# The Lost Art of Tang Soo Do



## Makalakumu (Aug 25, 2009)

I am posting this thread to discuss some of the material in my book.  I spent so much time writing it and I'm really excited to start getting some feedback on the material.  The basic premise of my book is thus...



> Tang Soo Do is a popular Korean martial art that has practitioners from all around the world. The art has incorporated elements of Chinese, Okinawan and Japanese martial arts in a synthesis that has become very popular.  It is my belief that the art of Tang Soo Do is a lot broader and deeper then many of its practitioners realize.  The forms that we practice are filled with a variety of self-defense techniques that are completely ignored in most schools.  This book will present a teaching methodology that will allow students and teachers to not only access the content of the forms, but to effectively practice this content so that it is usable in self-defense situations.



For those of you who have read the book, what do you think about the methodology described?  How do you think this material would change the way TSD is practiced?  If you are teaching TSD, would you consider adopting this curriculum?


----------



## Makalakumu (Aug 25, 2009)

Additionally, I am going to post the forward of this book because it was written by one of our MT members SJON.  I really appreciate his review and contribution and I think that these comments are a good way to start the conversation about my book.



> Forward
> 
> 
> Modern training in the Korean martial arts places great emphasis on the collection of techniques and pre-established sequences according to a belt grading syllabus. While this structure is useful for categorizing and sequencing the material which the art consists of, it is rarely anything more than a list of contents, rather than presenting an actual didactic proposal complete with all its elements.
> ...


----------



## terryl965 (Aug 25, 2009)

John one thing I noticed was in the book it is for a better word, what you believe to be the true teaching of TSD? Is this the case and if so what makes your way the better way for Martial Artist?
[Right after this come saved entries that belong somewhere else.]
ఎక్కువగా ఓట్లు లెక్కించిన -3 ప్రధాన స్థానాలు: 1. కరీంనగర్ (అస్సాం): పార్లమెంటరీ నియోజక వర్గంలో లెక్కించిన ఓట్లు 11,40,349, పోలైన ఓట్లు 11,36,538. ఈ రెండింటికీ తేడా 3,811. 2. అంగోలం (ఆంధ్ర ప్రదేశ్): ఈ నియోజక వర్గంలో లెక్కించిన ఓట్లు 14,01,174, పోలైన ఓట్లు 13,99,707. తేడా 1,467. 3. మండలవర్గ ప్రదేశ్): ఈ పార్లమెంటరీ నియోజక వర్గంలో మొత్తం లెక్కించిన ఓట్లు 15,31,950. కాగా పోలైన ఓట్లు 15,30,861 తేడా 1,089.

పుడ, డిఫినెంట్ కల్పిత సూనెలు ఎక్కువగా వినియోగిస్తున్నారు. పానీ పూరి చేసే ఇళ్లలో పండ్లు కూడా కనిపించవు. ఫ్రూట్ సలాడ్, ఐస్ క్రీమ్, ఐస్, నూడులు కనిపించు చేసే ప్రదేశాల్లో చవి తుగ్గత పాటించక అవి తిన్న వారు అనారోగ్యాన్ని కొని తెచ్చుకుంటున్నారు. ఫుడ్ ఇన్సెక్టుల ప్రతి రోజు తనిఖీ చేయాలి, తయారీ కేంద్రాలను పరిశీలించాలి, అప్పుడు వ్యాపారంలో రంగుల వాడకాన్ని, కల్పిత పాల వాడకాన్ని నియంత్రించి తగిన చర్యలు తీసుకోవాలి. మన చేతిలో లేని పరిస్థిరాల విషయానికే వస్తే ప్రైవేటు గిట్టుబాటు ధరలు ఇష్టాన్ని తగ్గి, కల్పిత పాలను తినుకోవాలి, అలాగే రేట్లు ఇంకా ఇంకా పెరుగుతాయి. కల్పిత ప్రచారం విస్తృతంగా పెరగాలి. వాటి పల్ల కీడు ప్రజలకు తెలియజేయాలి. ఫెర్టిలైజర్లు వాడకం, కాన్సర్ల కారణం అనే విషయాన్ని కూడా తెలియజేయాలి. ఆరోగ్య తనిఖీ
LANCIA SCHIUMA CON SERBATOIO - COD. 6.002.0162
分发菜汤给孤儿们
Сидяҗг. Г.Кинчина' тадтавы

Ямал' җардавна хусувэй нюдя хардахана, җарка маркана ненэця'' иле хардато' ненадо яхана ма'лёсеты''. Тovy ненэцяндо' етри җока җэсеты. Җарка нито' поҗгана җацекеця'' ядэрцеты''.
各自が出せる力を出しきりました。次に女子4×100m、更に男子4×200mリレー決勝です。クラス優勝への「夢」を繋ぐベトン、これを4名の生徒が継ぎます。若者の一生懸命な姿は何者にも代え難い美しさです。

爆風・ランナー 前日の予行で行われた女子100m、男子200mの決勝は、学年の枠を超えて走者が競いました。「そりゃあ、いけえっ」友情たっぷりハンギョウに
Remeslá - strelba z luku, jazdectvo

I mean TSD was being tought by alot of folks in the eighties and then it started to die out for a few years only to be coming back stronger than ever.

Your syllibus is that yours, I tend to like to hear more of a wider range with the application of said forms. I would also like to point out that *It is my belief that the art of Tang Soo Do is a lot broader and deeper then many of its practitioners realize. *This can be said of many arts out there, so many practitioners do not relize what it is they are learning, how can you over see if your syllibus is used. I mean what action will you take to make sure it is being held to your standards? All in all I like the book well written and I do have some question written down at home so maybe I will add them tonight for you.


----------



## Makalakumu (Aug 25, 2009)

terryl965 said:


> John one thing I noticed was in the book it is for a better word, what you believe to be the true teaching of TSD? Is this the case and if so what makes your way the better way for Martial Artist? I mean TSD was being tought by alot of folks in the eighties and then it started to die out for a few years only to be coming back stronger than ever.
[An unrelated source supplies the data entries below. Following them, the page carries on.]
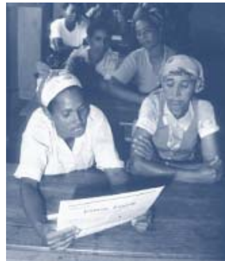
Впервые большинство африканских женщин теперь грамотны.

Новые данные были оглашены в Международный день грамотности, который отмечался во
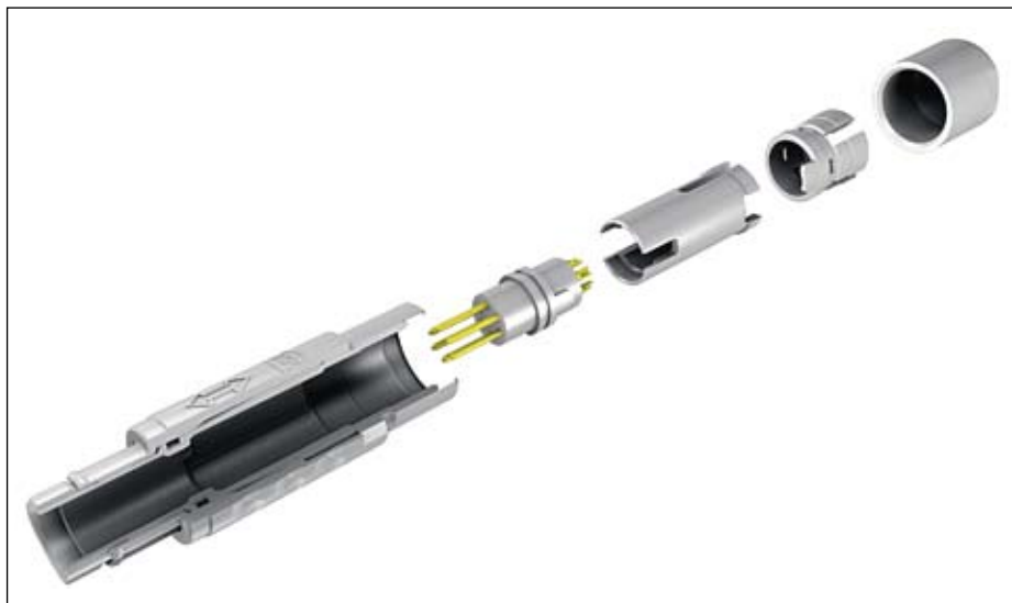
Рис. 2. Разъем MINI-SNAP PC в разобранном виде

На протяжении последних двух лет компания ODU разработала несколько специальных решений пластиковых разъемов серии MINI-SNAP PC со вставками для передачи жидкостей различных видов и типов.
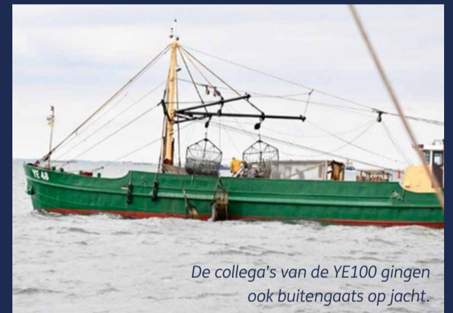
De collega's van de YE100 gingen ook buitengaats op jacht.
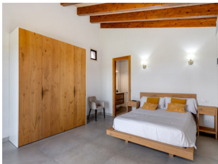
Eines der drei Schlafzimmer im Erdgeschoss mit Badezimmer en Suite...
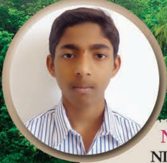
NANDAN A.P. NIT - SURATHKAL

I don't see what I wrote as presenting the "true" way of practicing TSD.  It's a different interpretation, an interpretation that I think is well grounded in the history of Karate.  I think that the art of TSD, as it is currently practiced, is great for children and families who are interested in getting some exercise and creating a positive spirit.  As far as self defense is concerned, it leaves much to be desired.  This book has the potential to bring back the hard core self defense nature of the art.



terryl965 said:


> Your syllibus is that yours, I tend to like to hear more of a wider range with the application of said forms. I would also like to point out that *It is my belief that the art of Tang Soo Do is a lot broader and deeper then many of its practitioners realize. *This can be said of many arts out there, so many practitioners do not relize what it is they are learning, how can you over see if your syllibus is used. I mean what action will you take to make sure it is being held to your standards? All in all I like the book well written and I do have some question written down at home so maybe I will add them tonight for you.
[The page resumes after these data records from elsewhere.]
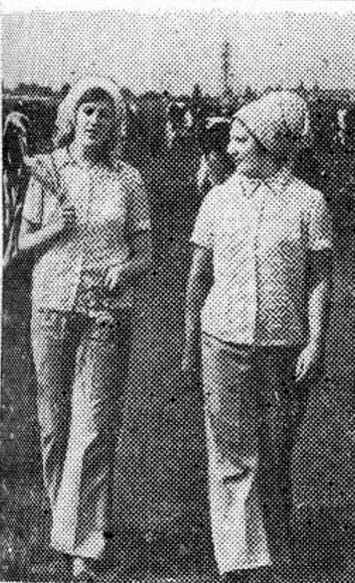
Ленинградская область. Подведены итоги VII Всесоюзного конкурса мастеров машинного доения, проводившегося в головном совхозе производственного объединения «Детское сельское».
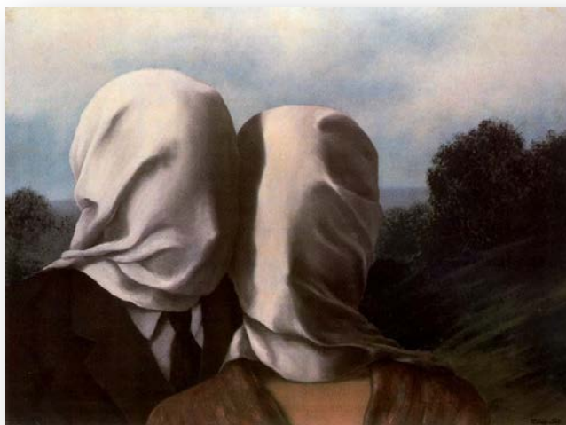
Milenci, René François Ghislain Magritte

Dokázal/a bys poznat, o koho jde? Proč? _____
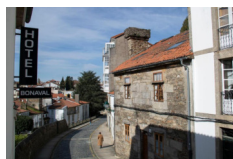
Hotel Ada Bonaval - Santiago de Compostela https://aldahotels.es/alojamientos/hotel-alda-bonaval-santiago/
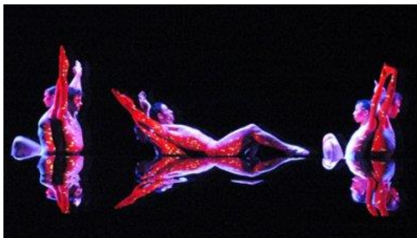
Photogramme de l'extrait Crucible chorégraphie de Alwin Nikolais, 1985, https://www.youtube.com/watch?v=4KFpcO0f89E

I have no plans in regards to standardization of my syllabus.  There's really no way that it's possible.  The pieces that I created are meant to be rearranged and altered.  It's one of the ways a living art grows.  The important thing is that the general categories and the philosophy behind them are maintained.  The idea of practicing realistic basics with resistance in order to improve fighting technique is a good example.  The goal was to give another option to practicing form technique up and down the floor and calling that basics.


----------



## Makalakumu (Aug 31, 2009)

Thank you everyone who has responded privately.  I am glad that you are finding value in my work.  Anyway, I wanted to list some of the topics covered in my book for everyone else.

1.  I take a look at the effort to introduce the study of bunkai into TSD.

2. I take a critical look at the Hwang Kee's training at the time of the founding of the Moo Duk Kwan in order to trace back where some of the curricular elements came from.

3.  I analyze Shotokan and how the grappling elements were subsequently removed over time.

4.  I analyze older styles of karate and talk about how they could influence TSD.

5.  I suggest a curriculum that draws on some of the lessons of the past in order to give TSD an upgrade.


----------



## kbarrett (Nov 26, 2011)

I personally don't think Tang Soo Do is not a lost art, I think it's an evolving art and always has been.  As for the teaching children and familes, I think that it really depends on the instructor whether he/she teaches hard core training or not.  I've always believed it's about the qulaity of instruction that makes the difference, not how hard you run your students into the ground, or how much they know, Hyung bunkai is important ,but everybody sees something different, so no one person's interpretation would be wrong. (this is my opinion only)

Ken


----------



## Don Daly (Jan 25, 2012)

It sounds like this book is a definite step in the right direction.  I think the Ho Sin Sul applications of the Hyung have been neglected, especially in the '80s-'90s due to the sport influences of Tae Kwon Do tournaments.  I hope that you have not neglected researching the Tae Kyun roots which supply much of the traditional applications of the Korean basic techniques.  Remember, Hwang Kee used the Okinawan katas, but modified them to go along with his previously known techniques from Tae Kyon, Soo Bahk and Tang Kung Fu.  However, as you point out, by adapting the Okinawan Katas, he was also teaching techniques that have Aiki-Jujitsu (or Hapkido) applications.  Even Soo Bahk has grappling techniques, and as Tae Kyun is being exhibited more freely in Korea,
 people are realizing that takedowns, sweeps, and leg-throws are very much part of its kicking techniques.


----------